_What is being asked_: Exactly the lines from the beginning of the listing below through the line that contains "Удивительный пейзаж на" should be transcribed, and pictures must stay out.

_Data_:
============================================================

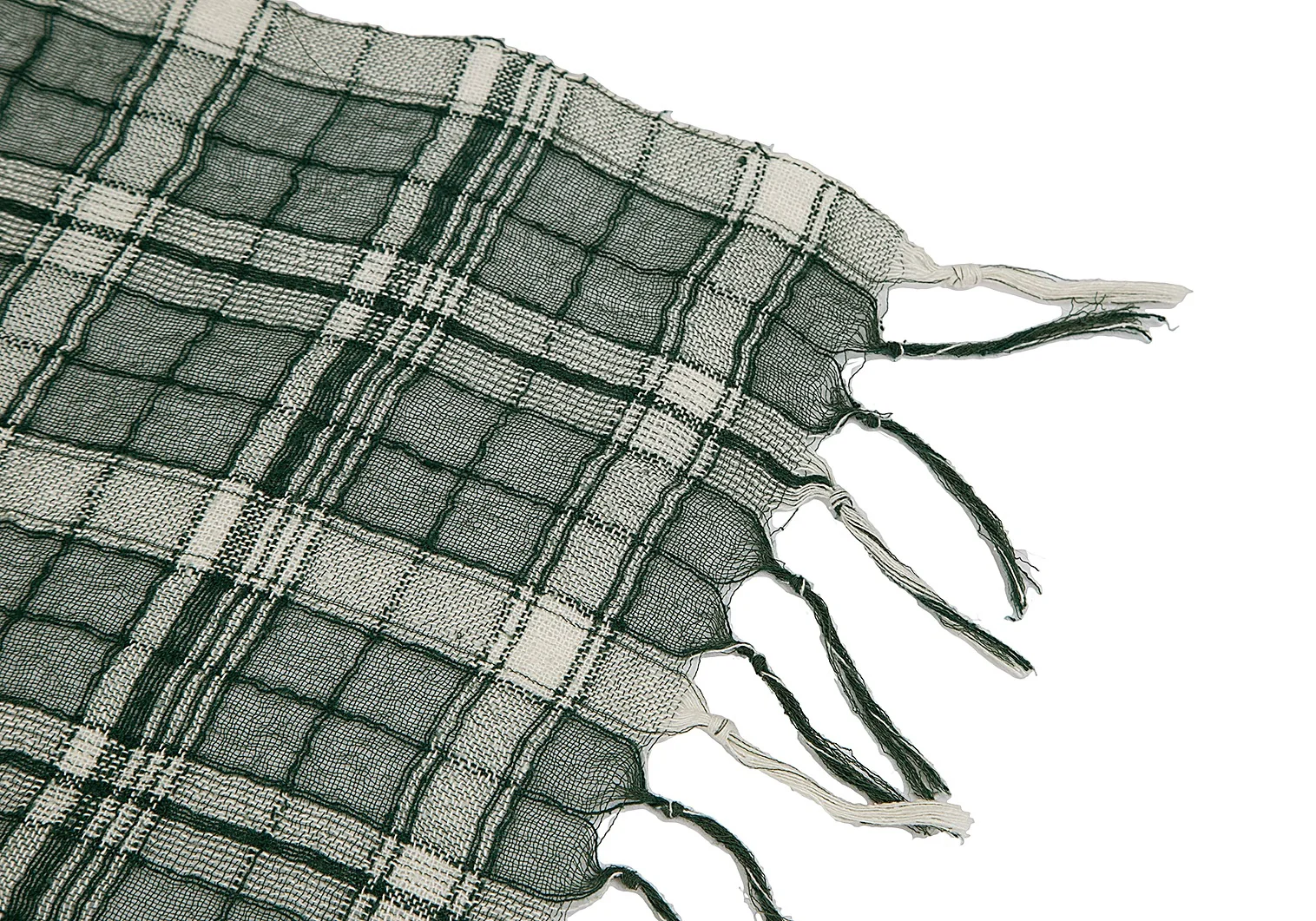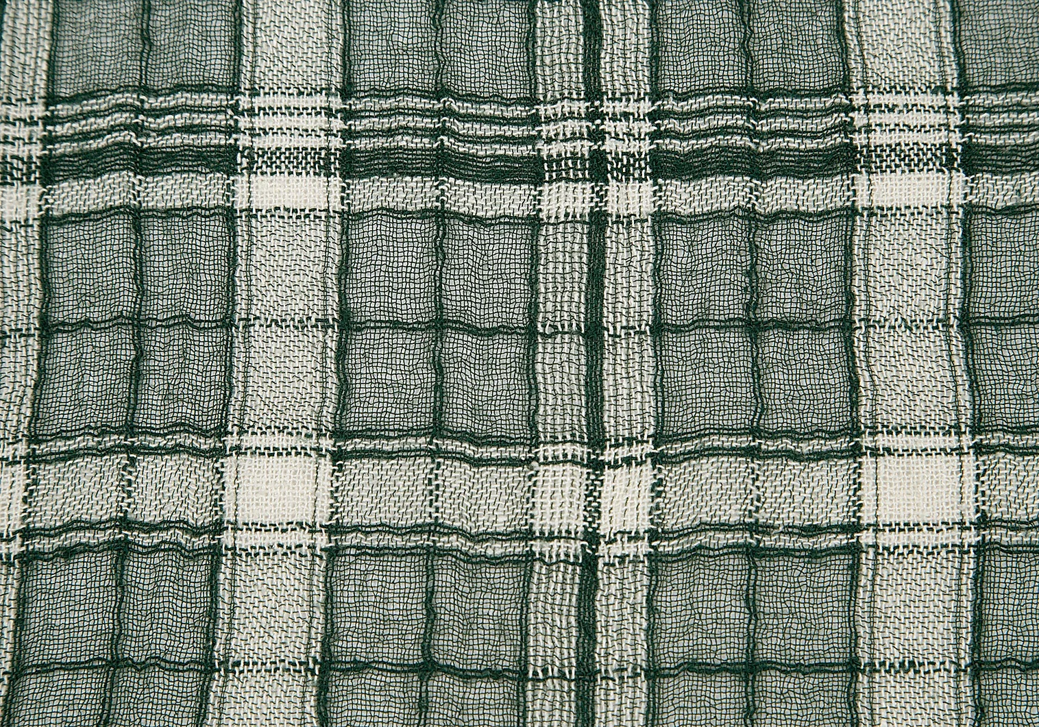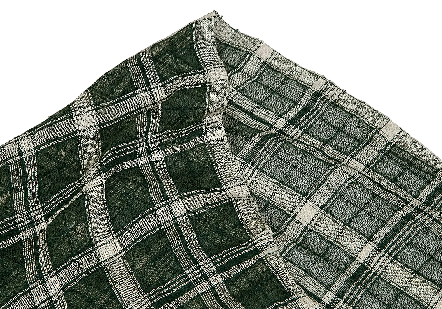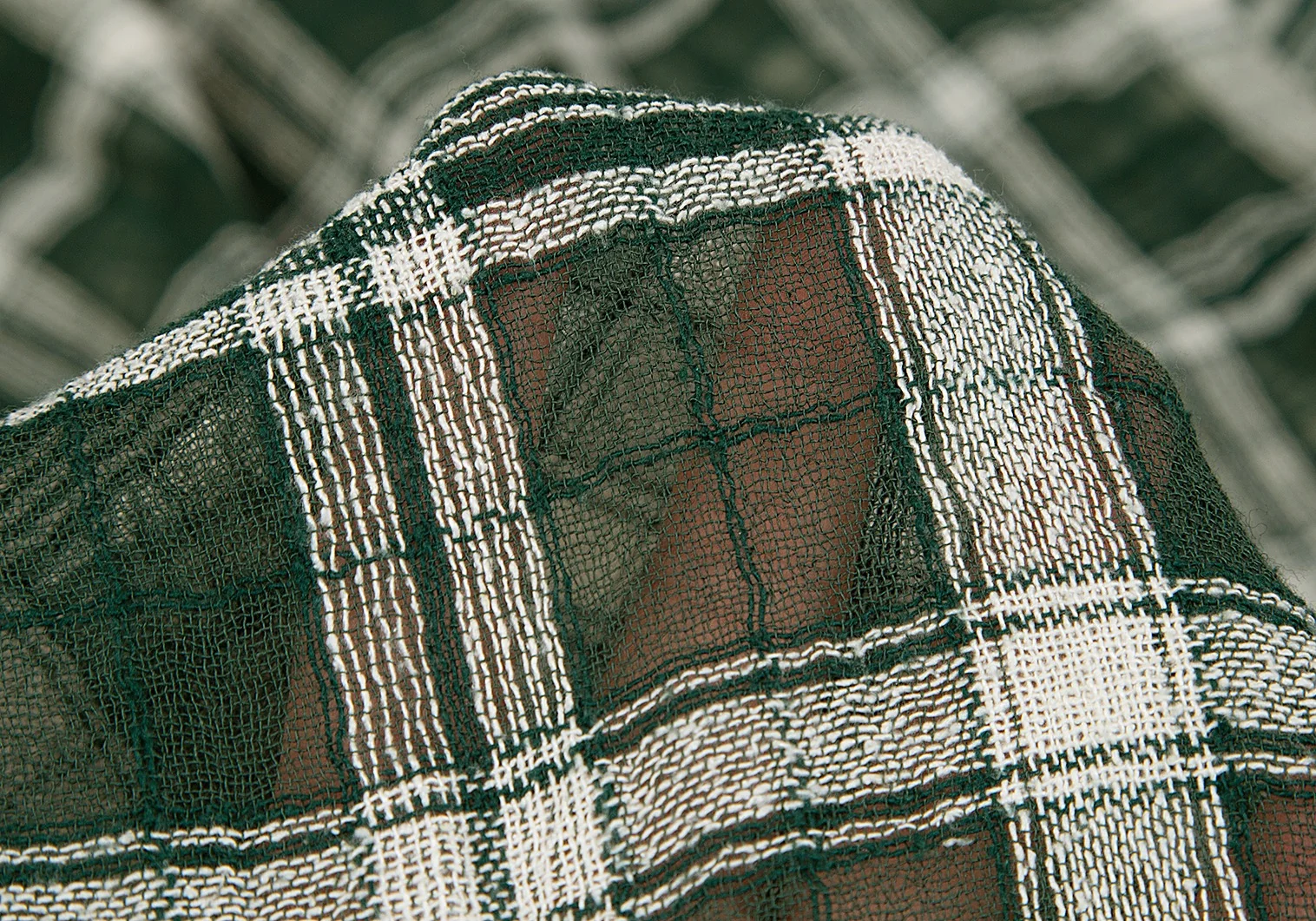 品質表示タグがありません。透け感のある生地です。目立ったシミ、汚れ、ほつれ等なくいい状態です。クリーニング済み
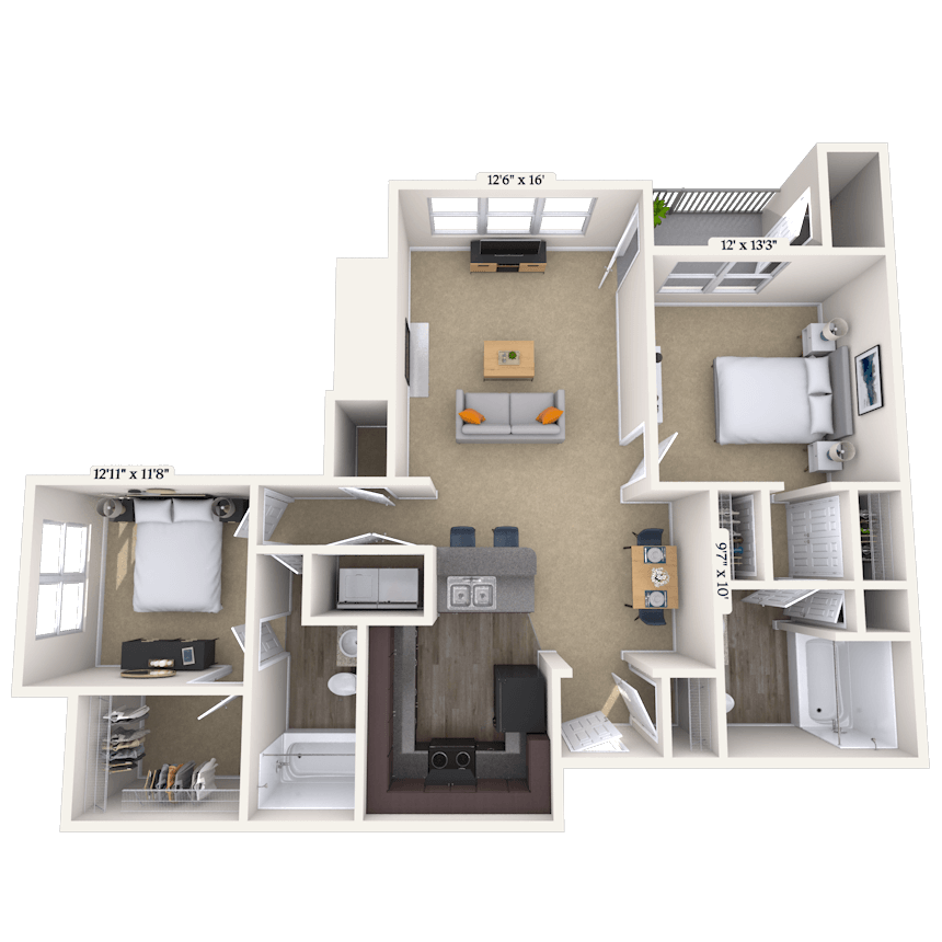 Modelo de apartamento: SpyglassDesde $9181 Dormitorio, 1 Baño, 567 sq ftDisponible Ahora![]()
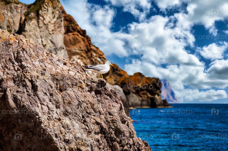 Удивительный пейзаж на побережье голубого океана в ясную солнечную погоду с чайкой
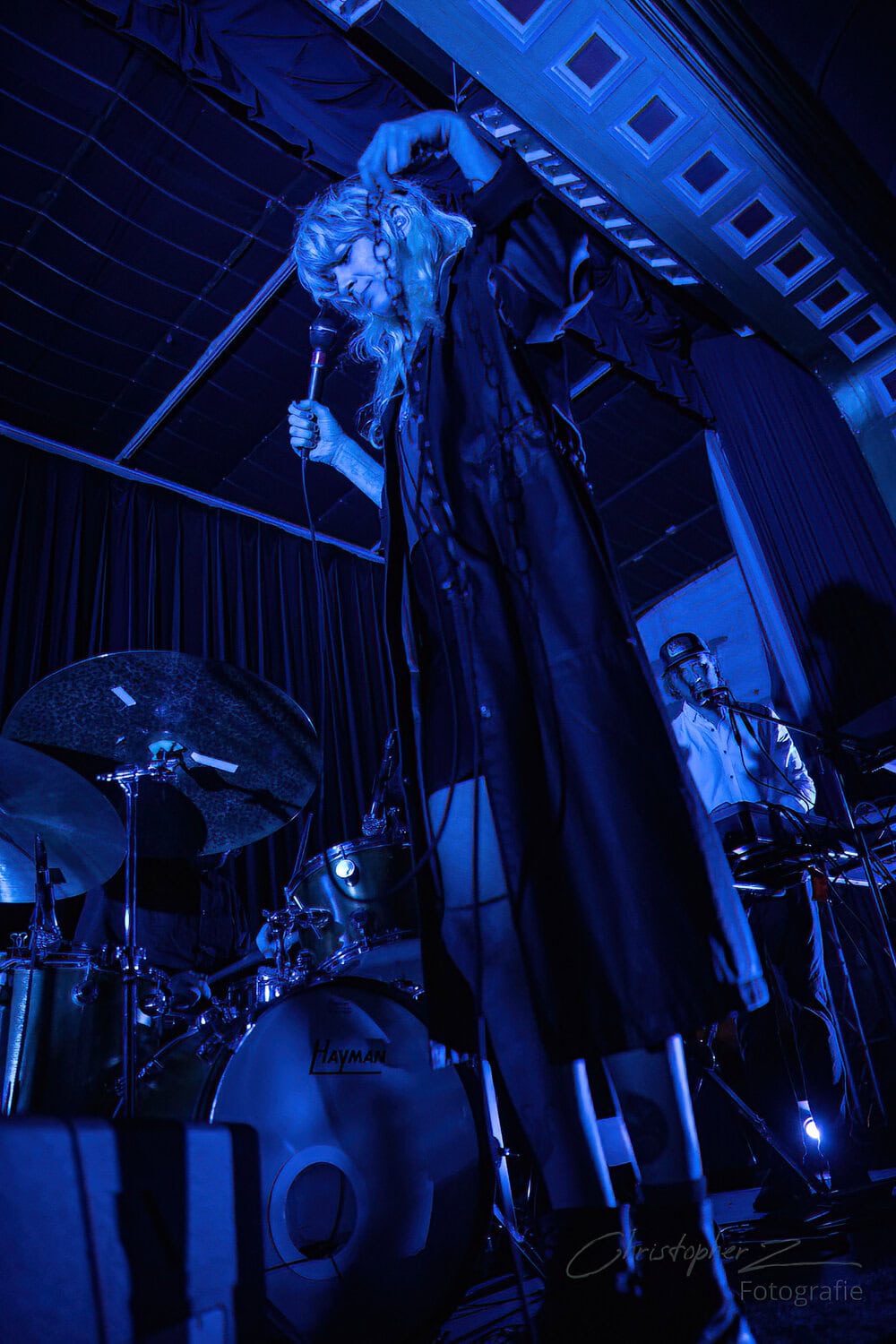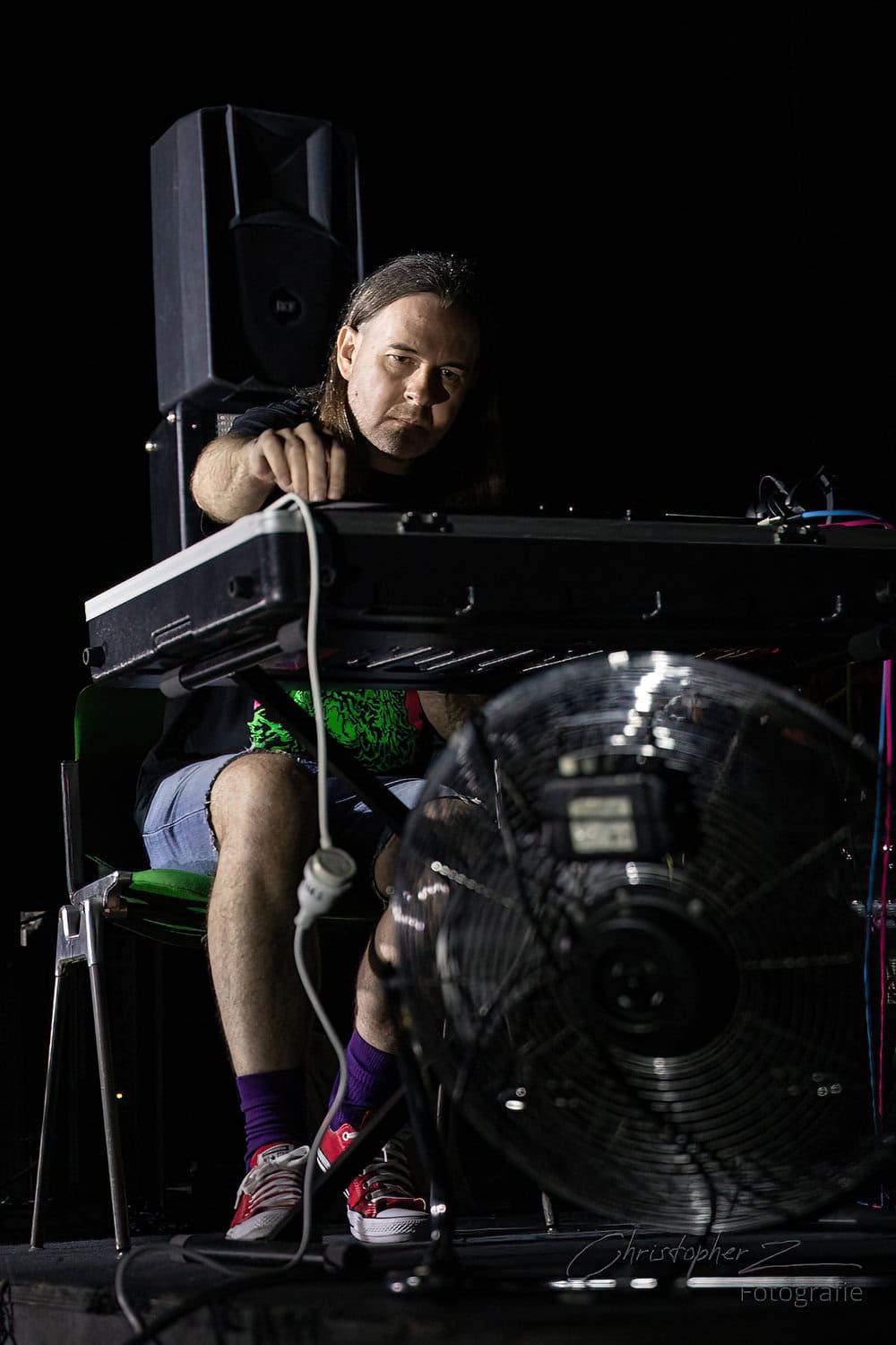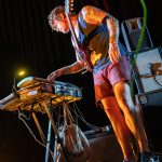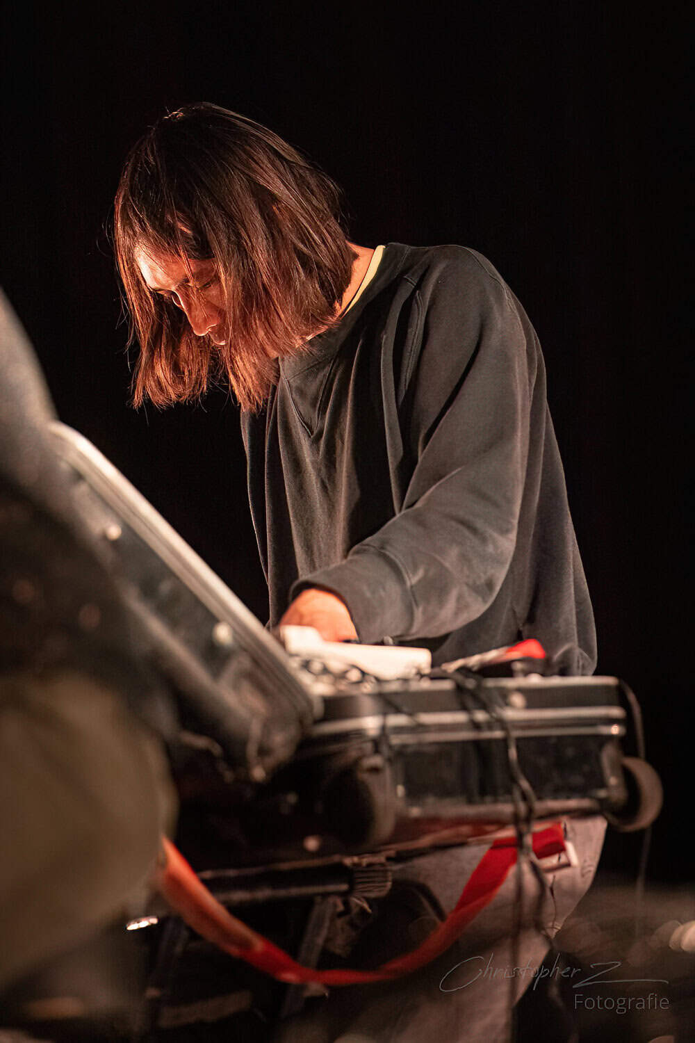 Is one person, Kraus, Pat Kraus or Prince Krauss, (he/Him) who claims that he makes music for freaks, outsiders, losers and weirdos. Kraus performs not just as himself, but also in a multitude of bands that inhabit the fringes of art. Tonight he sits alone, with a table of trinkets (some home crafted) creating an eclectic neo-electronica composites some of which may or may not feature in his 20+ releases. Kraus quietly offers a soundtrack for a filling room, for those in anticipation, via hypnotic rhythms, constructed sounds and ambient electronica. You could try and dance to Kraus’s mahi, but your outer inhibitions might override your inner circadian flamboyants.

============================================================

_Output for this task_:
 品質表示タグがありません。透け感のある生地です。目立ったシミ、汚れ、ほつれ等なくいい状態です。クリーニング済み
 Modelo de apartamento: SpyglassDesde $9181 Dormitorio, 1 Baño, 567 sq ftDisponible Ahora![]()
 Удивительный пейзаж на побережье голубого океана в ясную солнечную погоду с чайкой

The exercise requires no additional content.